In this chapter, using Khayyami studies as an applied exploratory setting, Tamdgidi revisits the Millsian sociological imagination, raising eight issues that he believes express the limits imposed by the classical Newtonian way of thinking on Mills’s imaginative framework. He explores the eight issues in terms of the following questions. 1. The problem of dualism: can personal troubles be also public issues, and vice versa? 2. The problem of atomism: which self’s personal trouble is it? 3. The problem of separability: whose public issues are these? 4. The problem of objectivity: can we as observers separate ourselves from others’ personal troubles and public issues? 5. The problem of determinism: is it always the case that society shapes the individual/self, and that public issues always shape personal troubles? 6. The problem of continuity: are we supposed to find causal relations amid easily locatable and traceable causal chains? 7. The problem of disciplinarity: are we always better off dividing and specializing our knowledges into fragmented disciplines? And 8. The problem of scientism: is science always Western, and still Newtonian? 

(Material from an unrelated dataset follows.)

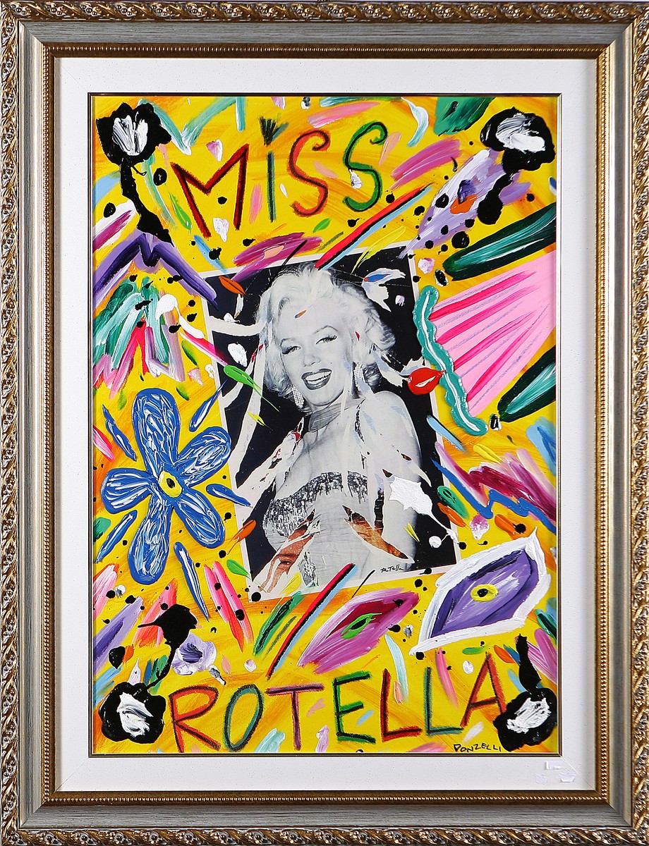 DONZELLI BRUNO (n. 1941) Miss Rotella. Tecnica mista su tela. Cm 50,00 x 70,00. Firma in basso a destra. Al retro firma e titolo. Autentica dell'artista su fotografia. Cornice presente
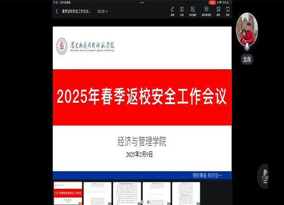 为确保2025年春季学期顺利开学,beat365于2025年2月9日线上召开“2025年春季返校安全工作会议”,会议由学院党总支书记龙犇主持,学院全体辅导员参加会议。

The author asks and explores whether Mills’s comments on Newtonianism and the Newtonian “way of thinking” in his book were meant to acknowledge that he himself was gripped by and embraced Newtonianism in his proposed critical return to “classical” pursuit of the sociological imagination, or did he instead mean to question such fundamental structures of thinking, seeking ways to move beyond them in favor of newer scientific, cultural, and sociological imaginations?

Tamdgidi, Mohammad H. 2021. “CHAPTER I — The Promise and the Classical Limits of C. Wright Mills’s Sociological Imagination.” Pp. 27-60 in Omar Khayyam’s Secret: Hermeneutics of the Robaiyat in Quantum Sociological Imagination: Book 1: New Khayyami Studies: Quantumizing the Newtonian Structures of C. Wright Mills’s Sociological Imagination for A New Hermeneutic Method (Human Architecture: Journal of the Sociology of Self-Knowledge: Vol. XIV, 2021. Tayyebeh Series in East-West Research and Translation.) Belmont, MA: Okcir Press.